ACTIVITY ->
Nothing but the lines from the one containing "Технические характеристики FERON" through the last line of the data below should be returned, each exactly as it stands, pictures excluded.

Items from a data source:

• • •

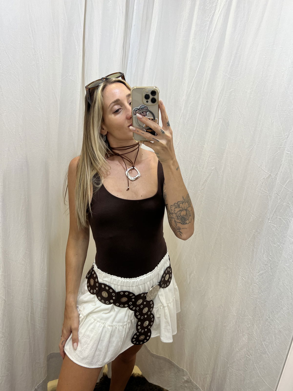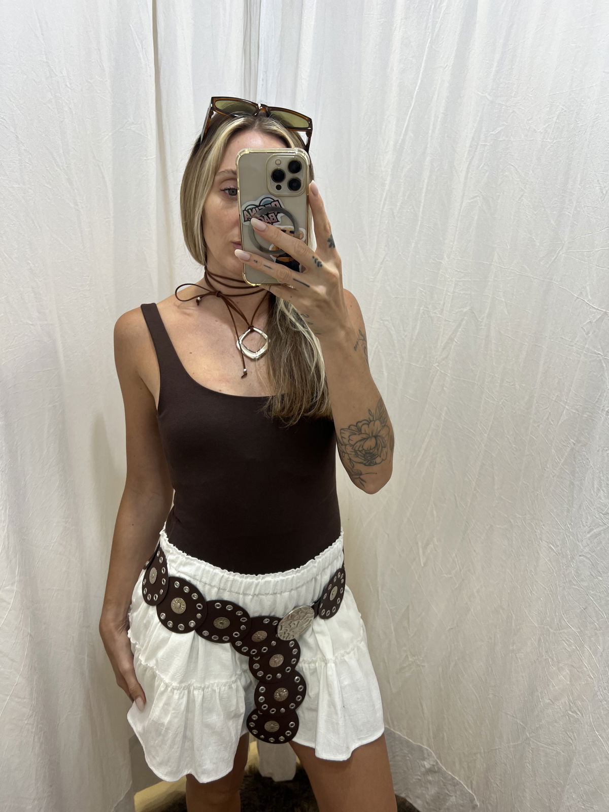 Referencia: la chica de las fotos mide 1.67, usa talle 36/38 de jean y talle M en la parte superior. Tiene short en la parte de abajo.
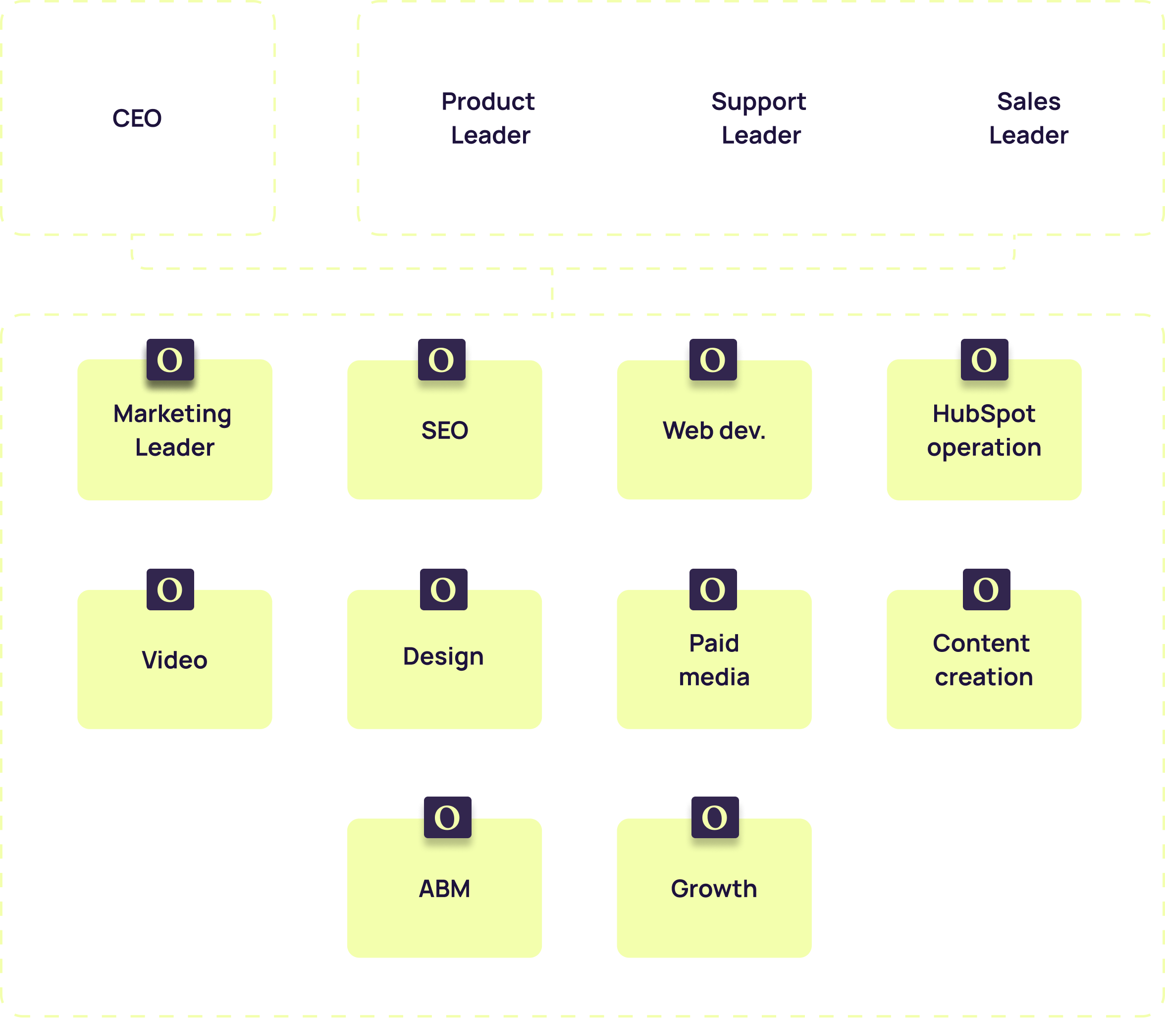 One fractional marketing team for your entire go-to-market. No more segmented agencies doing different parts of the whole.
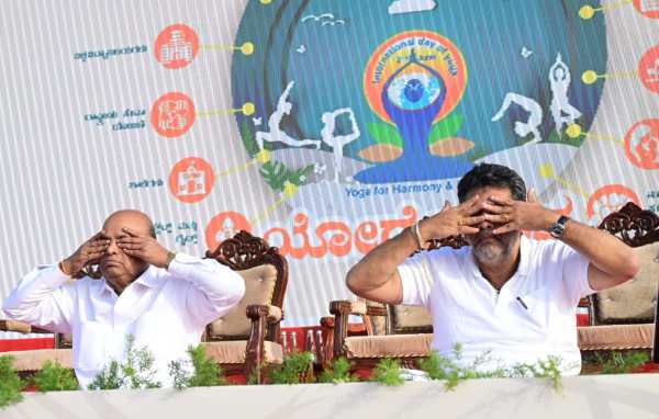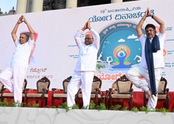 बेंगलूरु में अंतर्राष्ट्रीय योग दिवस के मौके पर विधान सौधा परिसर में योगाभ्यास करते कर्नाटक के राज्यपाल थावर चंद गहलोत, कर्नाटक विधान परिषद के अध्यक्ष बसवराज होरट्टी, उप मुख्यमंत्री डीके शिवकुमार, मंत्री दिनेश गुंडूराव के साथ अन्य।
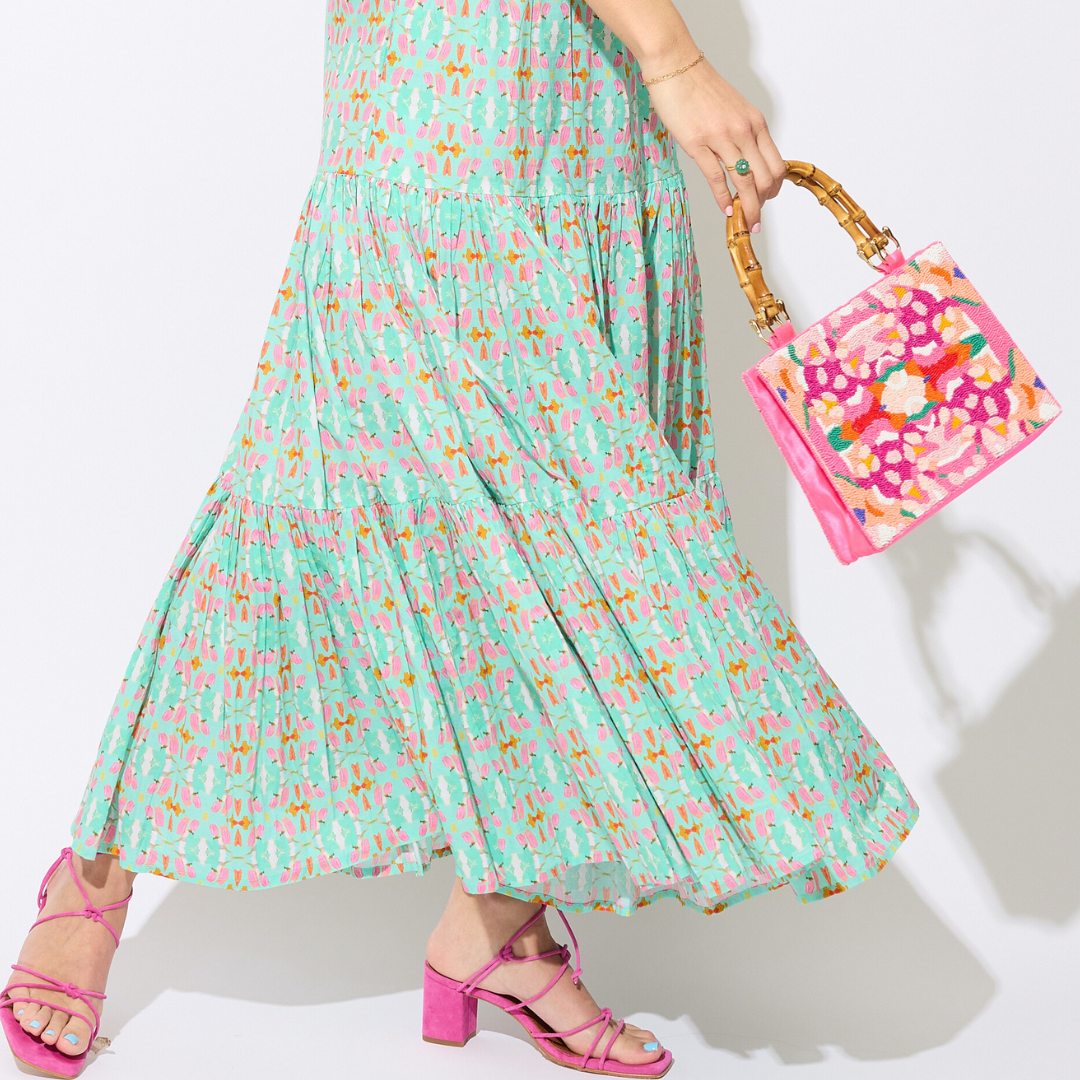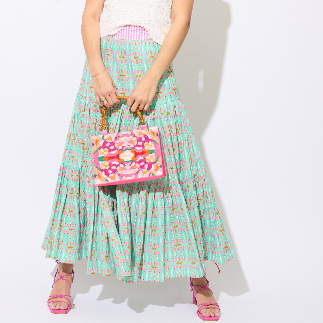 The Anniemakes the perfect companion for your day-to-day biz, a night around the town or the next soiree. Made by hand with preciosa seed beads and satin trim, this mini bag can carry small essentials like a phone, charger, lipstick and wallet and will adorn your fit with a colorful splash.
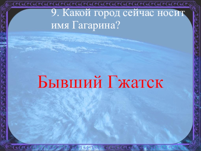 Слайд 19 9. Какой город сейчас носит имя Гагарина?
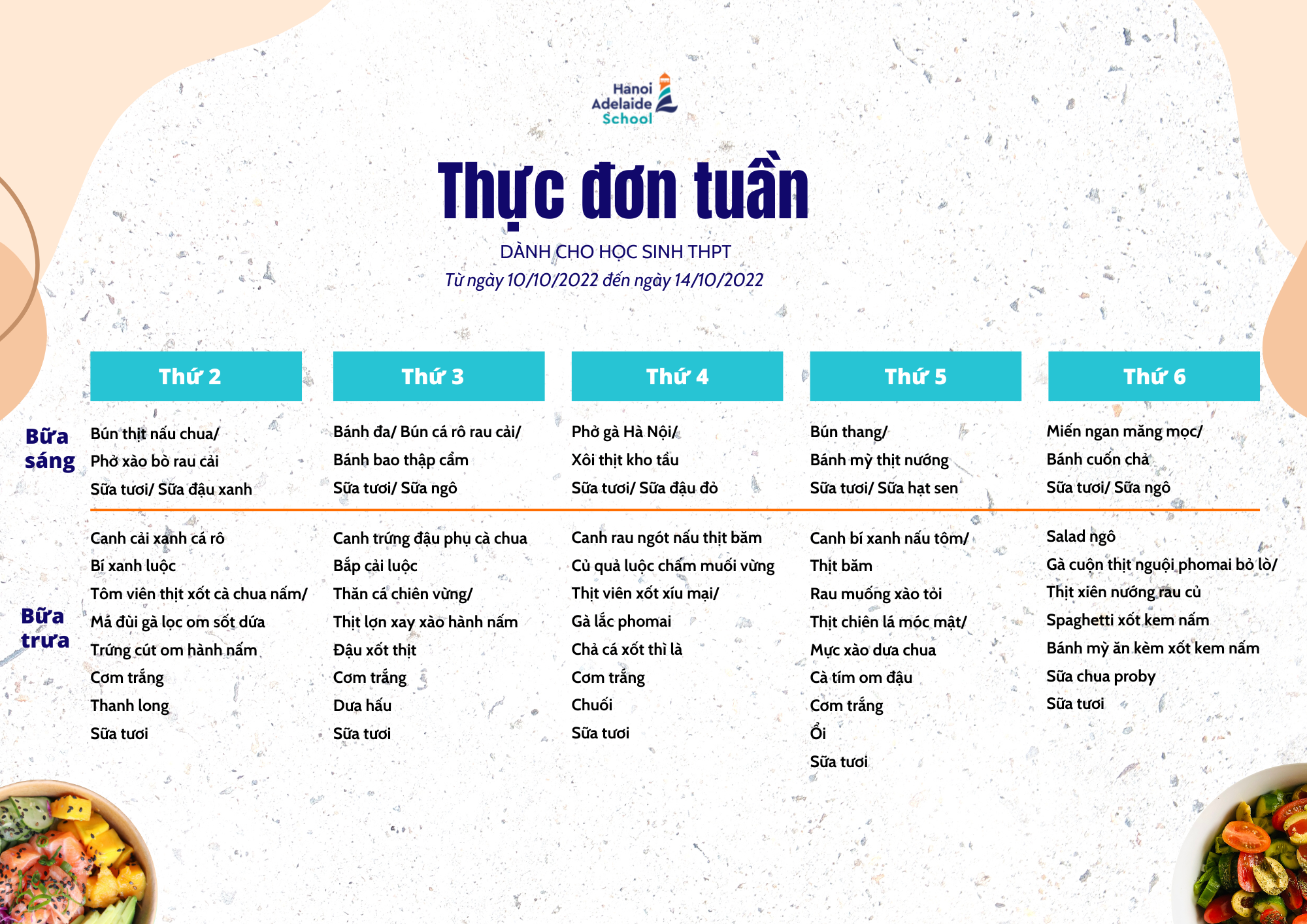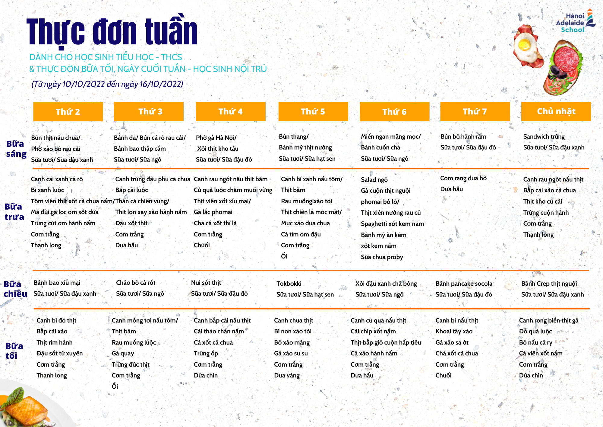Thực đơn từ ngày 10/10/2022 đến ngày 16/10/2022
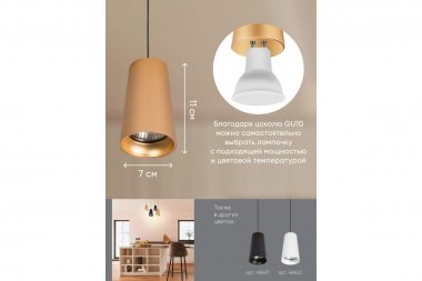 Технические характеристики FERON ml1858 barrel bell levitation на подвесе, 1,7 м, mr16, 35w, 230v, золото черный 48423
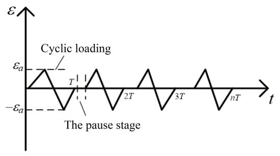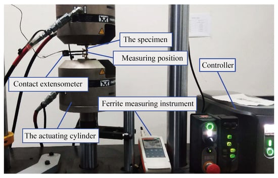 The Fischer FMP30 ferrite measuring instrument (Nantong Fischer Testing Instrument Co., Ltd., Nantong, China) is used to accurately measure the transformation of martensite by measuring the volume fraction of the ferromagnet, that is the body-centered cubic (BCC) structure. In this study, the Fischer FMP30 ferrite measuring instrument and Instron 8801 series servo-hydraulic testing machine (Shanghai Instron Test Equipment Trading Co., Ltd., Shanghai, China) are combined to build an in situ measurement platform for measuring the transformation of martensite under cyclic loading. By reasonably compiling the cyclic loading control program of the servo-hydraulic testing machine, the ferrite measuring instrument can be used to measure the volume fraction of martensite many times in given cycles. The in situ measurement platform for martensitic transformation is shown in Figure 3. The loading control path of the servo-hydraulic testing machine is shown in Figure 4. The loading control path is divided into two periods, namely the cyclic loading stage and the pause stage (the stage for measuring the volume fraction of strain-induced martensite).

• • •

ANSWER SECTION ->
 Технические характеристики FERON ml1858 barrel bell levitation на подвесе, 1,7 м, mr16, 35w, 230v, золото черный 48423
 The Fischer FMP30 ferrite measuring instrument (Nantong Fischer Testing Instrument Co., Ltd., Nantong, China) is used to accurately measure the transformation of martensite by measuring the volume fraction of the ferromagnet, that is the body-centered cubic (BCC) structure. In this study, the Fischer FMP30 ferrite measuring instrument and Instron 8801 series servo-hydraulic testing machine (Shanghai Instron Test Equipment Trading Co., Ltd., Shanghai, China) are combined to build an in situ measurement platform for measuring the transformation of martensite under cyclic loading. By reasonably compiling the cyclic loading control program of the servo-hydraulic testing machine, the ferrite measuring instrument can be used to measure the volume fraction of martensite many times in given cycles. The in situ measurement platform for martensitic transformation is shown in Figure 3. The loading control path of the servo-hydraulic testing machine is shown in Figure 4. The loading control path is divided into two periods, namely the cyclic loading stage and the pause stage (the stage for measuring the volume fraction of strain-induced martensite).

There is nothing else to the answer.